Reste la question de la formation. " Il faut se former, non pas sur la technique mais sur le handicap, le vieillissement ", estime Bruno Fayette. Une façon de bien cerner la clientèle âgée et ses spécificités. Des formations sur l'accessibilité sont proposées par les principales organisations professionnelles (Handibat pour la Capeb, Les Pros de l'accessibilité - une marque de la FFB - avec l'Institut de formation et de recherche du bâtiment).

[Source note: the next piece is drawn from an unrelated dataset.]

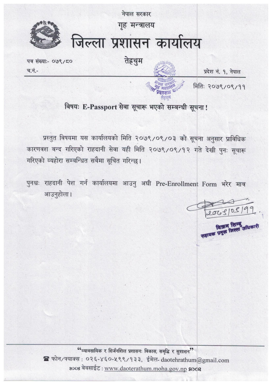 राहदानी सेवा पुनः सूचारू भएको सम्बन्धी सूचना।।।

" L'avantage d'y participer est que cela permet d'être automatiquement répertorié dans des annuaires que les professionnels du médical consultent pour trouver des artisans spécialisés ", poursuit l'expert. Une aide au développement du business, une fois la formation achevée.

Un dernier conseil ? " Il ne faut pas se lancer en prenant en compte uniquement l'aspect " marché ", si on n'a pas un réel " petit plus " pour aller sur ce secteur ", conclut Alain Chapuis.

[Témoignage] " Respecter l'âge et le handicap "

Laurent Biichlé

" Une façon de travailler et d'être " . Voilà comment Laurent Biichlé, gérant d'Hippocampe Habitat, TPE spécialisée dans les travaux d'accessibilité pour le maintien à domicile des personnes âgées et l'autonomie des personnes handicapées, voit son métier. L'artisan s'est lancé il y a quelques années, sans formation spécifique, en voyant ses grands-parents avancer en âge et en constatant qu'il était " impossible " de trouver des artisans spécialisés.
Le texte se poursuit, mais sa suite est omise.